Couldn't have said it better myself:

 

"Equifax Probed by New York Attorney General Over Cyber Hack...

'The Equifax breach has potentially exposed sensitive personal information of nearly everyone with a credit report, and my office intends to get to the bottom of how and why this massive hack occurred,' Schneiderman said...

In the wake of the breach, Equifax said it was offering its credit-monitoring service at no charge. Schneiderman took issue with language on Equifax’s website that asked those who signed up for the service waived their right to sue.

'This language is unacceptable and unenforceable. My staff has already contacted @Equifax to demand that they remove it,' Schneiderman wrote on Twitter..."

https://www.bloomberg.com/news/arti...-by-new-york-attorney-general-over-cyber-hack

 

Equifax binding-arbitration opt-out:

"...Friday morning, after social media users began complaining about the arbitration clause, Equifax updated its terms of service to give consumers an escape hatch if they do not wish to be bound by its language.

Here's how the opt-out provision reads:

In order to exclude Yourself from the arbitration provision, You must notify Equifax in writing within 30 days of the date that You first accept this Agreement on the Site (for Products purchased from Equifax on the Site). …

[You] must include Your name, address, and Equifax User ID, as well as a clear statement that You do not wish to resolve disputes with Equifax through arbitration..."

https://www.washingtonpost.com/news...breach-website/?tid=hybrid_collaborative_1_na

 

https://theintercept.com/2017/09/08...-to-be-banned-just-like-the-cfpb-wants-to-do/

Discusses the shocking forced arbitration clauses further.

 

So Equifax will not tell anyone if they were zapped unless they agree to use ""TrustedID Premier"?

 

What a head spinner. This undoubtedly even tops the OPM breach? Ugh

 

The hackers have had the info dump for months so most of it has hit the dark web and been sold. Web requests, phone calls and snail mail is just a waste of time right now - and fruitless. Now the hack is public, the would-be fraudsters will ramp up their activities.

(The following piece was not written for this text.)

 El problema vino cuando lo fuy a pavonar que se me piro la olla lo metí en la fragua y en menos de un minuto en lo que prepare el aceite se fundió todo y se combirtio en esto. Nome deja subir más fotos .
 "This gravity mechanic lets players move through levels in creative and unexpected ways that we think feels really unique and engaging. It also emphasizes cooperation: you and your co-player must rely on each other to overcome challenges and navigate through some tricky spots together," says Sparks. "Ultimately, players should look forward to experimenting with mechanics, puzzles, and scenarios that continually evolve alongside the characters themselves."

The biggest threat of this hack is identity theft. These fraudsters will be taking out loans in people's names as well as maxing out credit cards and lines of credit. The only way to stop them is for the credit reporting companies to get pro-active. Leaving everything up to potential victims is a real cop out on their part. It seems to me that it would be prudent for Equifax to put a fraud alert at no charge on everybody's account until this can be sorted out.

 

All three major credit reporting agencies need to do this, if not more, e.g., free credit report freezes (for those states that do not require this), simplified free temporary lifting of the freeze, extrended credit monitoring.

This catasrophe is a national security issue threatening the US economy and social order for years to come.

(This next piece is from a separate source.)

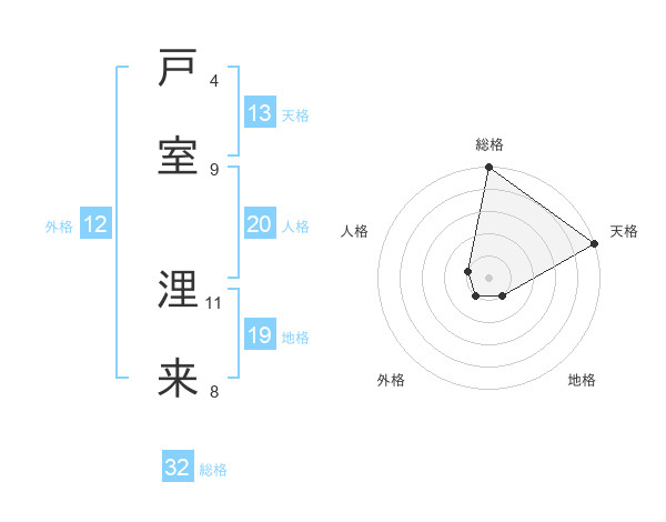 戸室 浬来さんを姓名の画数から五運を鑑定

For the next 50 or so years criminal proxies for half the adult population will be falsifying loans, bank accounts, credit card accounts, IRS filings to get refunds, impersonating financial and other institutions to gather more info, etc. etc. At the same time millions will have their credit ratings destroyed for varying periods of time, have funds sucked out of financial accounts, have crimes committed under their identities , etc. etc. Social Security numbers are now near worthless for identification purposes. The eventual fallout from this breach will play out in ways we have yet to imagine and will cause enormous damage. This is a financial EMP.

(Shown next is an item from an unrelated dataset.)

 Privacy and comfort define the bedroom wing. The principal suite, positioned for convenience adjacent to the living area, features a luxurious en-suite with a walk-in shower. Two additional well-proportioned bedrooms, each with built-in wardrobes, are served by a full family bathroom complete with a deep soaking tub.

Equifax, TransUnion, and Experian need to recognize this as an industry problem and step up and do whatever it takes to limit the damage.

 

To my knowledge the 1st 90 days are a freebie, with the option to upgrade.

Equifax's requirement that affected customers sign up for arbitration also drew a backlash. Democrats in the House and Senate called on the company to pull back its requirement that anyone who signs up for credit monitoring give up their right to sue Equifax in a class-action lawsuit.